Question

graph the function.
$f(x)=2\sqrt{x + 3}$
plot four points on the graph of the function: the leftmost point and three additional points. then click on the graph - a - function button.

Explanation:

Step1: Find leftmost point (domain start)

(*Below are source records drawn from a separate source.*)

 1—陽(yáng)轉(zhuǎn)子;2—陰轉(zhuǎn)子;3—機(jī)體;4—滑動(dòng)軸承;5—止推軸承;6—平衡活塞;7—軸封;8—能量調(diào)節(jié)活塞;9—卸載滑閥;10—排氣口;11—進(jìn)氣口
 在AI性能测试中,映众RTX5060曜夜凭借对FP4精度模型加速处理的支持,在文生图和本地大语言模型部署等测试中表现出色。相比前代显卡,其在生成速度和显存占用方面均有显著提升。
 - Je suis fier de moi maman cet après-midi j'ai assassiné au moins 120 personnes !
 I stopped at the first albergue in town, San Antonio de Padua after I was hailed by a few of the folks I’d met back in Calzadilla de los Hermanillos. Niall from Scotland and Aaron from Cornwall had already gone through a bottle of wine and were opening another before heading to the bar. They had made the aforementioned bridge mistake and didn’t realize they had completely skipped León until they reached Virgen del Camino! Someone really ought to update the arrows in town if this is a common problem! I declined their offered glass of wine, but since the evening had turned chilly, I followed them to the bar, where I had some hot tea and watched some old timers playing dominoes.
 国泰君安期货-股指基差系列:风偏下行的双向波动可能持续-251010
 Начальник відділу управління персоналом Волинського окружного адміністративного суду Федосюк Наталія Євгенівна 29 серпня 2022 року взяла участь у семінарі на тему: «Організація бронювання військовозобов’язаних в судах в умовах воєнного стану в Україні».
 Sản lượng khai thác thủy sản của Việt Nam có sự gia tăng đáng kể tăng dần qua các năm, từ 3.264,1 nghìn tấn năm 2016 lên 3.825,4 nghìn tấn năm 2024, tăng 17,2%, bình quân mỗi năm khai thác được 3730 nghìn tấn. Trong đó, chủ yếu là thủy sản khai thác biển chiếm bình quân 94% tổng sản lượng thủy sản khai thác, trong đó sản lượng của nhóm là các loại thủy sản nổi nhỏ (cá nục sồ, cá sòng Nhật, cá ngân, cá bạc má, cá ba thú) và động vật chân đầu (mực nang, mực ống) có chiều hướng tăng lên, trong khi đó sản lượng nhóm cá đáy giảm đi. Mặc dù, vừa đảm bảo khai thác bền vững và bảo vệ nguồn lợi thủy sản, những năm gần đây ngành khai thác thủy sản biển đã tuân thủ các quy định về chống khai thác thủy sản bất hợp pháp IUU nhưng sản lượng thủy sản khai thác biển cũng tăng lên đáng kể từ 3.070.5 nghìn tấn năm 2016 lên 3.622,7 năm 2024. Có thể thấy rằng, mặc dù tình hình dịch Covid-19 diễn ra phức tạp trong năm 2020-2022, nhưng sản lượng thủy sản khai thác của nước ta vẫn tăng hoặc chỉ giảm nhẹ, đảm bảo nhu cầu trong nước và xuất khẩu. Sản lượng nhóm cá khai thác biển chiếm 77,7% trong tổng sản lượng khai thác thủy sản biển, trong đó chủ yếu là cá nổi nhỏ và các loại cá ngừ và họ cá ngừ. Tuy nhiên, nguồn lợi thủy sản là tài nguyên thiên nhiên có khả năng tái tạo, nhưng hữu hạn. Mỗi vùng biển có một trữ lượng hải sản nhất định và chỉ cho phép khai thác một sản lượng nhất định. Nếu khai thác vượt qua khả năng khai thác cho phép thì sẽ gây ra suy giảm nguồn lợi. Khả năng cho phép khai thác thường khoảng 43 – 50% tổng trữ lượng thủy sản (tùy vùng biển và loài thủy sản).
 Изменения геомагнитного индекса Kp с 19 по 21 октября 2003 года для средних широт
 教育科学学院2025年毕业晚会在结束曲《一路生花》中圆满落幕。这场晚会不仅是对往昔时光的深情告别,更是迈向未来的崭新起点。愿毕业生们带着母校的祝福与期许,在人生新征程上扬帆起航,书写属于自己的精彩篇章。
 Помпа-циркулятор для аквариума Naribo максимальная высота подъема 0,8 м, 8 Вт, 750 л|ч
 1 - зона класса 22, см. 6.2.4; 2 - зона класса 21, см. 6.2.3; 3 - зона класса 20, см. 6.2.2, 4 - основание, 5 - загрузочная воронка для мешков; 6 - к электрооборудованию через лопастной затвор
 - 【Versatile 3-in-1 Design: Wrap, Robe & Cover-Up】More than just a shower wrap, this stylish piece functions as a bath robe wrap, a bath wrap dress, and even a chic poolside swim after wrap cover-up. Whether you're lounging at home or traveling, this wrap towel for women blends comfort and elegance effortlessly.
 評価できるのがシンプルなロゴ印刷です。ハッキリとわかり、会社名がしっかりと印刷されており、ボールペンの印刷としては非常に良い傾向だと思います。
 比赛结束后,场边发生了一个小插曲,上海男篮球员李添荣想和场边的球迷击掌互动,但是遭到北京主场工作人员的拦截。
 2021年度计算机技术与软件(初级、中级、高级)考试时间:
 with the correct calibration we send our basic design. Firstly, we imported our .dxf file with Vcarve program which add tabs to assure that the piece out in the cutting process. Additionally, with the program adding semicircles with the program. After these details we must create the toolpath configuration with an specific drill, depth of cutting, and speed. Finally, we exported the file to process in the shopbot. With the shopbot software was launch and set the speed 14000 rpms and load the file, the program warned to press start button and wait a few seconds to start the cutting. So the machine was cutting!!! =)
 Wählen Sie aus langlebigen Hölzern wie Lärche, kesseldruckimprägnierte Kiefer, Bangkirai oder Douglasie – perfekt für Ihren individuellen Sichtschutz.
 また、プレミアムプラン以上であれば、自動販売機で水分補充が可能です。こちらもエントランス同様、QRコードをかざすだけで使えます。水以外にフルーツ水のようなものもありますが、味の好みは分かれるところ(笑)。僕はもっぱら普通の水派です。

The expression under the square root must be non-negative: $x+3\geq0 \implies x\geq-3$.
At $x=-3$: $f(-3)=2\sqrt{-3+3}=2\sqrt{0}=0$.
Leftmost point: $(-3, 0)$

Step2: Calculate point at $x=-2$

Substitute $x=-2$ into the function:
$f(-2)=2\sqrt{-2+3}=2\sqrt{1}=2(1)=2$.
Point: $(-2, 2)$

Step3: Calculate point at $x=1$

Substitute $x=1$ into the function:
$f(1)=2\sqrt{1+3}=2\sqrt{4}=2(2)=4$.
Point: $(1, 4)$

Step4: Calculate point at $x=6$

Substitute $x=6$ into the function:
$f(6)=2\sqrt{6+3}=2\sqrt{9}=2(3)=6$.
Point: $(6, 6)$

Answer:

Leftmost point: $(-3, 0)$
Additional point 1: $(-2, 2)$
Additional point 2: $(1, 4)$
Additional point 3: $(6, 6)$
(Plot these points and draw a smooth curve starting at $(-3,0)$ and increasing through the other points to graph $f(x)=2\sqrt{x+3}$)